If a U.S. court has jurisdiction over a Chinese company, suing that Chinese company in a U.S. court typically will differ from suing a domestic company on service of process, discovery, litigation strategy, and the above-mentioned enforcement of judgment.
Service of Process
China is party to the Hague Convention on Service Abroad of Judicial and Extrajudicial Documents in Civil and Commercial Matters. This means service on the Chinese company of whatever complaint you file against it in a U.S. court must comply with this Service Convention. Service under the Hague Convention is effected through the designated Chinese Central Authority in Beijing, which is the Bureau of International Judicial Assistance, Ministry of Justice of the People’s Republic of China.
A U.S. company suing a Chinese company in a U.S. court must submit the following to China’s Ministry of Justice:
- A completed United States Marshal Form USM‐94.

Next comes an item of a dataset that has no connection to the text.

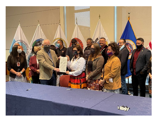
Government to Government bill signing.

In the 2021 special legislative session, the Minnesota Legislature passed Statute 10.65, the Government-to-Government Relationship between the state of Minnesota and Tribal Governments. This formally recognizes the status of 11 federally recognized Indian Tribes as sovereign nations and outlines the mutually beneficial relationship between the Tribes and the State of Minnesota. Furthermore, the new law requires that state agencies consult annually with each of the Minnesota Tribal governments on matters that may impact Tribes and American Indian people. Having the Tribal consultation process codified demonstrates significant improvement in how the state interacts with Tribes on a government-to-government basis.

- The original English version of the documents to be served. The summons must have the issuing court’s seal.
- The Chinese translation of all documents to be served. Because the USM-94 will not be served, that form does not need to be translated.
- A photocopy of all the above documents.
China’s Ministry of Justice will then send your service of process documents to the appropriate local court to effect service. In our experience, Chinese courts can be painfully slow and even random in sending out service. And if the Chinese company you are seeking to sue is a powerful local entity, service likely will be even slower. We have found that service moves along a lot faster when one of our lawyers fluent in Chinese repeatedly calls and emails both the Chinese court itself and China’s Ministry of Justice. These days, you should figure on your Hague Service of Process on a Chinese company taking about a year, maybe longer, and assumes you did absolutely everything 100% correctly from beginning to end. One of the trickiest things about effecting proper service on a Chinese company is that if you do something wrong somewhere along the service route, it is not uncommon for Chinese court or Ministry of Justice officials to wait 6-10 months to tell you that they will not be serving your papers and you need to start all over with your service request. To put it another way, it is critical you do everything correctly.
China formally objected to service by mail under Article 10(a) of the Hague Convention on Service and U.S. courts have held that objection valid. See DeJames v. Magnificence Carriers, Inc., 654 F.2d 280 (3d Cir. 1981), cert. den., 454 U.S. 1085; Dr. Ing H.C. F. Porsche A.G. v. Superior Court, 123 Cal. App. 3d 755 (1981).
We will in subsequent posts discuss how to conduct discovery against a Chinese company you have sued in a U.S. Court, the litigation and arbitration strategies to deploy when suing a Chinese company, and arbitrating against Chinese companies and suing them in China.